Mais ce que Hirschman a omis n'est qu'une défection dans la perception de l'homme. Il est très réducteur et très simpliste de vouloir catégoriser, de manière systématique, les réactions individuelles face au mécontentement. En d'autres termes, il peut, dans la majorité, qu'une réaction soit la suite ou la conséquence d'une autre. Il est clair qu'il est plus plausible pour un consommateur d'attendre de voir si le producteur perfectionnera le produit pour décider de choisir le voice (protestation). Insatisfait encore, il sera presque évident que c'est l'exit qui s'en suivra.

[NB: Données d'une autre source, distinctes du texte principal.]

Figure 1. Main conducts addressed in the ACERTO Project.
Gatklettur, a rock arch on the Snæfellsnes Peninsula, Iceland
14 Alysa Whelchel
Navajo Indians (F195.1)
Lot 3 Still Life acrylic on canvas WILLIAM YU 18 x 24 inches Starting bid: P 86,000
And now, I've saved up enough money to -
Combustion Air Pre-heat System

S'agissant de l'épouse, l'idée est plus claire : quand Mme Y a épousé M. X, elle en était très éprise. Les défauts de son mari lui sont apparus peu à peu dans la vie quotidienne. Elle était déçue, mais gardait sa confiance en l’homme qu’elle aimait et prenait patience. Elle était loyale. En l’absence d’une amélioration sensible, Mme Y est passée des doux reproches aux scènes de ménage régulières, donc à la protestation. Faute de résultats tangibles, après quelques années, elle a envisagé de se séparer de cet homme décidément insupportable. Elle choisit de faire défection.

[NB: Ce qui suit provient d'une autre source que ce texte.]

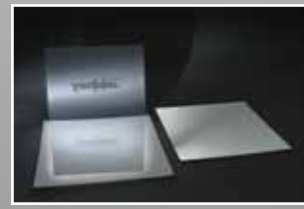
Gel coat fiberglass protects from UV rays and prevents yellowing and cracking.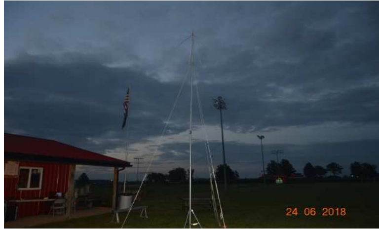
The Discone Antenna used for 6 meters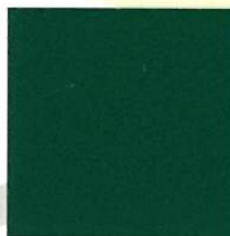
DX631G8033 RAL 6005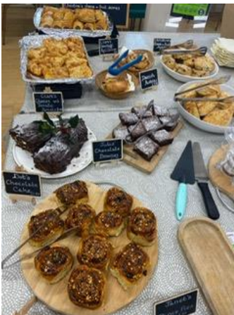
Sunday Café is sponsored by Easton Church

Please Note: There will always be someone from the Parish Council at the Sunday Café if anyone wishes to address any issues they may have.

L'idée de Hirschman semble presque parfaite. Le fond y est. Mais la forme dénote quelques imperfections. Avoir oublié que les réactions peuvent passer de loyalty vers le voice pour finir par l'exit a été l'erreur de mise en forme du modèle. Et il n'est toujours pas dit que ce ne peut être complété ; d'aucuns introduisent une quatrième et une cinquième réactions que je développerai bientôt : le sabotage et l'apathie.